22 January, 2003

Top 51 Ways To Torment An Evil Lawn Gnome
By Emo Kid

Rank:
1) Evil pink flamingos...or maybe large ceramic trolls.
2) Convince the nieghbourhood dogs it's a fire hydrant
3) Put him under your birdfeeder to collect the birds' "deposits"
4) Cute Female Lawn Gnome in a pentagram of Snail and Slug Death
5) Cry 'Havoc' and let loose the Termites of War!!!
6) Give it an Elmo doll for company
7) make another lawn gnome and chop it in half in front of him
8) tie him above the fireplace
9) sick a beaver on him
10) sledgehammer
11) stand it next to one of those lawn geese, and dress it in a matching costume
12) Buy him the book 'Wood Carving for Dummies'
13) start singing "Hi Ho"
14) Force it to associate with Evil Lawn Elves and Evil Lawn Halflings
15) Run around it re-enacting LOTR fight scenes
16) Run it over with the lawn mower of God
17) Introduce it to an Evil Lawn Gnome Salesman
18) Paint on a red target. Here come the pigeons!!!
19) Place Richard Simmons Chia Pets all over your lawn
20) give him a wooden building block and write "you're next" on it
21) Turn the sprinkler system on.
22) Hide your underpants
23) Give out its cell phone number to Telemarketing companies
24) spray him with wood cleaner
25) chip off his "old block"
26) Sledge-a-matic !!!
27) introduce him to your new cat
28) Burn it with gasoline and a match
29) Make him eat a wooden spoon. Cannibal!

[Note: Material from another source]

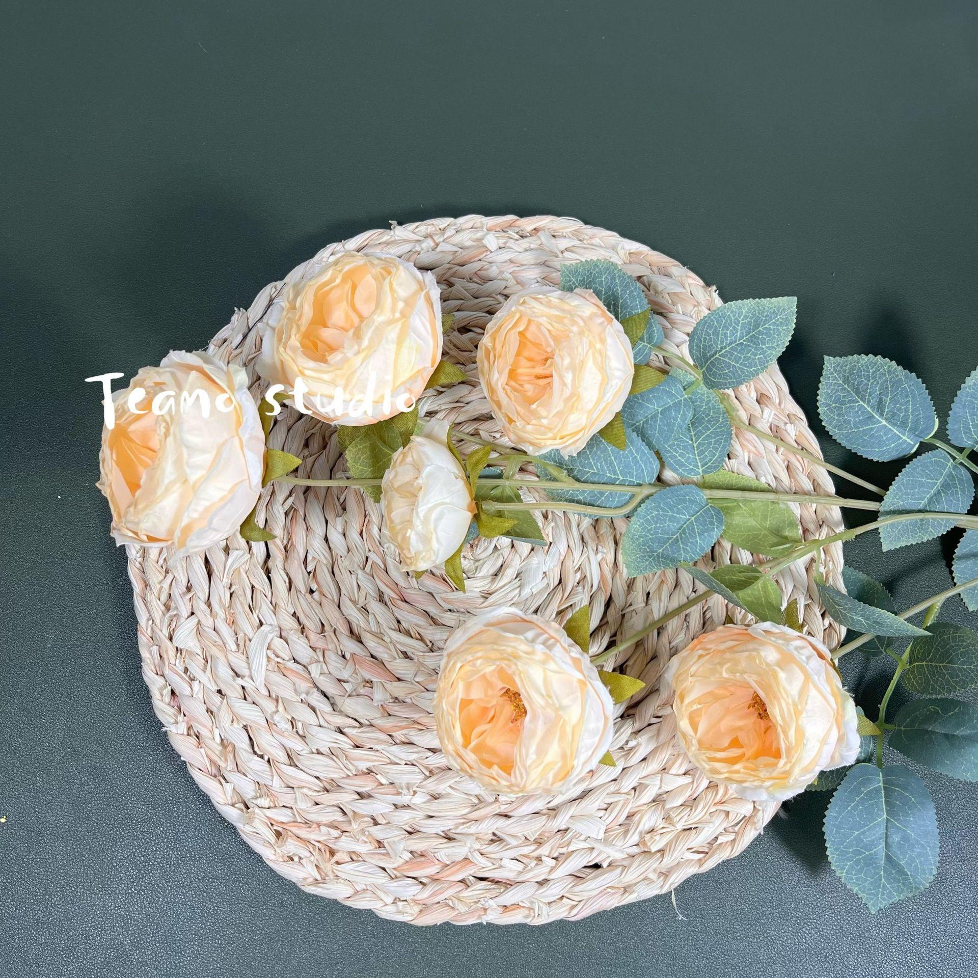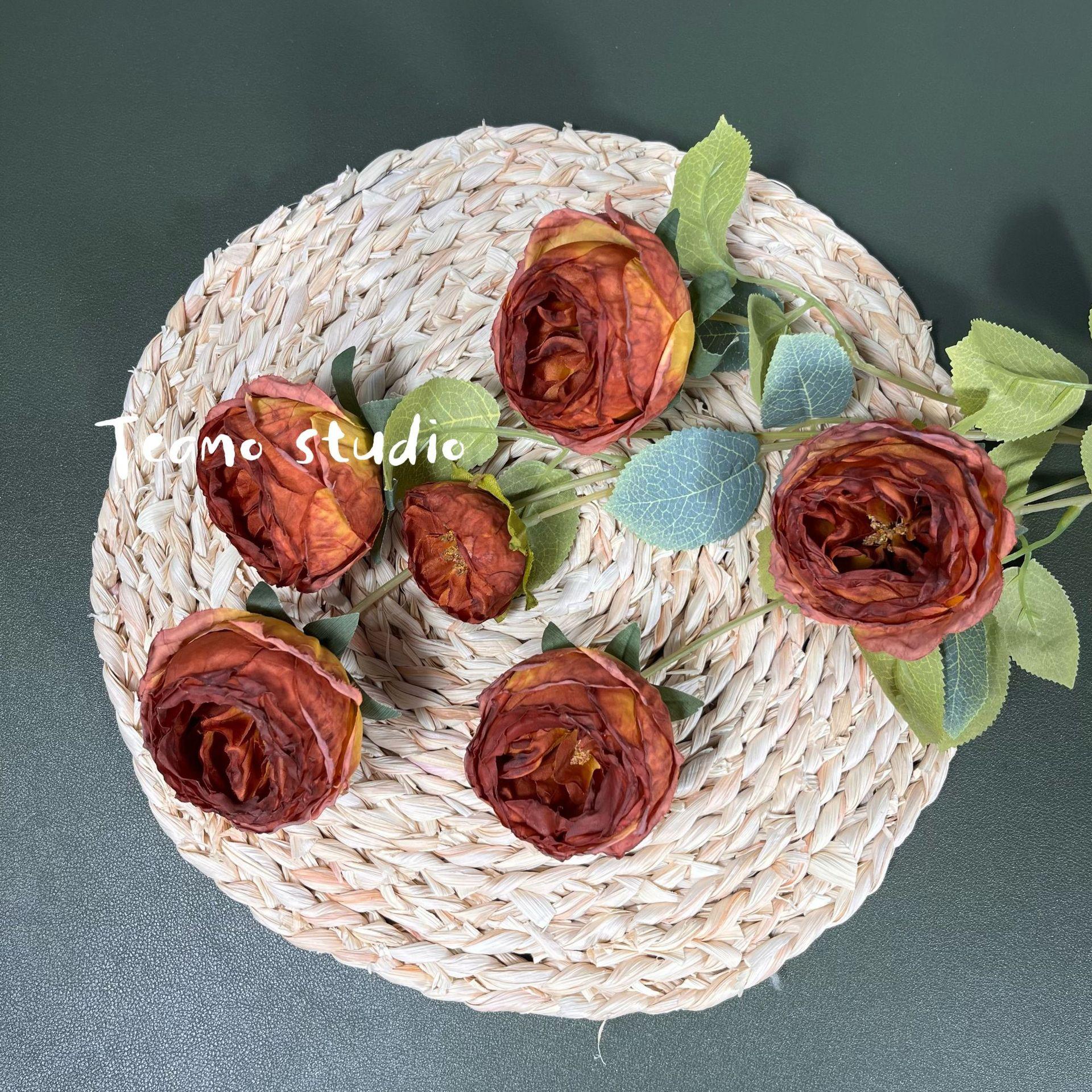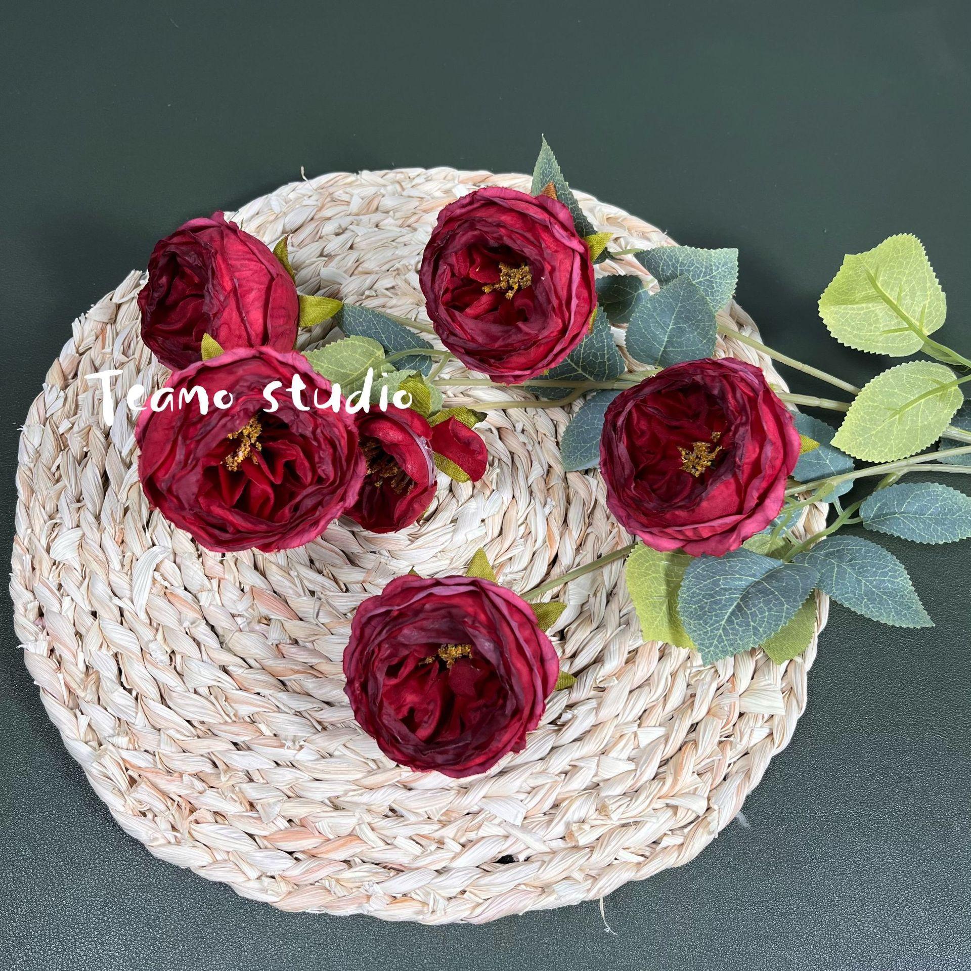 Nuevo estilo de flor artificial de múltiples cabezas Austin rosa roja decoración de boda Rosa terminada arreglo de compromiso al por mayor

30) Hammer a nail up his a@#
31) Lock him away with the Dell Kid
32) Embarrass it by placing it next to the drunk holding the light pole
33) tie him to a chair and make him watch "Snow White"
34) dig a hole in his lawn
35) Take one for a drive.. tied to the back of your car.
36) Lure it in a box with an acorn
37) say "I want your woody!"
38) Turn your toyota tacoma into a low rider. refilm commercial
39) Run them over with a lawnmower.
40) grab an axe and run after him
41) Lock him in a dark basement
42) Paint him red and let the dog loose
43) Put a Newborn Baby at His Doorstep and Observe the Hilarious Consequences
44) take away his tools
45) re-paint it
46) grab a block of wood and put lips on it in a cage
47) say "You'd make a nice guitar"
48) say "look there's a new front yard" and laugh at him
49) bring over Minime or Danny Devito
50) stick tree bark in his bed covers
51) Take his lamp. It will look like he's a neo-Nazi.